> [Supplied material]

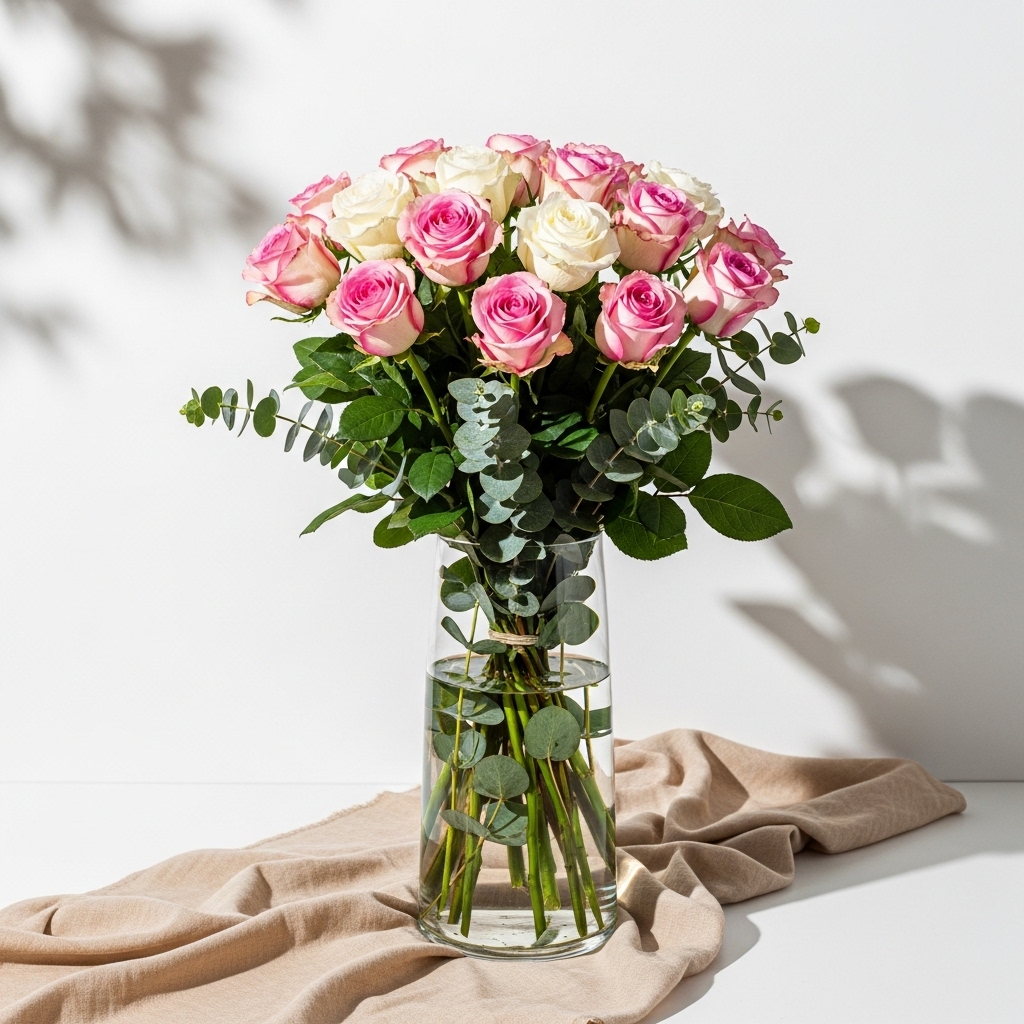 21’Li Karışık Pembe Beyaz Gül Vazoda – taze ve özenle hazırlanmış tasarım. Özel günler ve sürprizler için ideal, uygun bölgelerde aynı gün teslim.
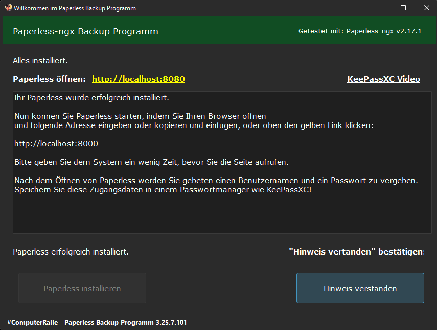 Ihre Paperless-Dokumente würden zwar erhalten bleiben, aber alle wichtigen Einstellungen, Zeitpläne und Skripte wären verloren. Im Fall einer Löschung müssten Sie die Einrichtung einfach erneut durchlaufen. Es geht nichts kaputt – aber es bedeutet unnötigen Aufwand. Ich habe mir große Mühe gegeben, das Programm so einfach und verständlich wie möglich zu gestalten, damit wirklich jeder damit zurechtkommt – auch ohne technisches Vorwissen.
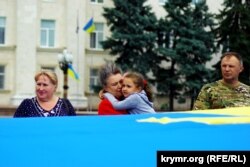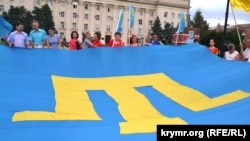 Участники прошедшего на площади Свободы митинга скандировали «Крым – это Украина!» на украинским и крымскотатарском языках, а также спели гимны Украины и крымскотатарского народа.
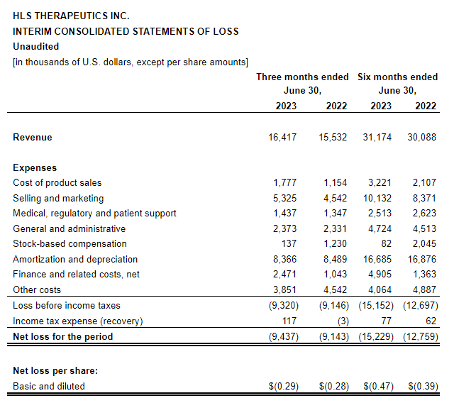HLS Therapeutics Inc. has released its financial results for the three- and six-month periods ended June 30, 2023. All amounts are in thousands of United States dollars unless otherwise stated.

> [Required action]
What is needed is every line of the data above, set down exactly but with the images left out.

> [Answer to this task]
 21’Li Karışık Pembe Beyaz Gül Vazoda – taze ve özenle hazırlanmış tasarım. Özel günler ve sürprizler için ideal, uygun bölgelerde aynı gün teslim.
 Ihre Paperless-Dokumente würden zwar erhalten bleiben, aber alle wichtigen Einstellungen, Zeitpläne und Skripte wären verloren. Im Fall einer Löschung müssten Sie die Einrichtung einfach erneut durchlaufen. Es geht nichts kaputt – aber es bedeutet unnötigen Aufwand. Ich habe mir große Mühe gegeben, das Programm so einfach und verständlich wie möglich zu gestalten, damit wirklich jeder damit zurechtkommt – auch ohne technisches Vorwissen.
 Участники прошедшего на площади Свободы митинга скандировали «Крым – это Украина!» на украинским и крымскотатарском языках, а также спели гимны Украины и крымскотатарского народа.
HLS Therapeutics Inc. has released its financial results for the three- and six-month periods ended June 30, 2023. All amounts are in thousands of United States dollars unless otherwise stated.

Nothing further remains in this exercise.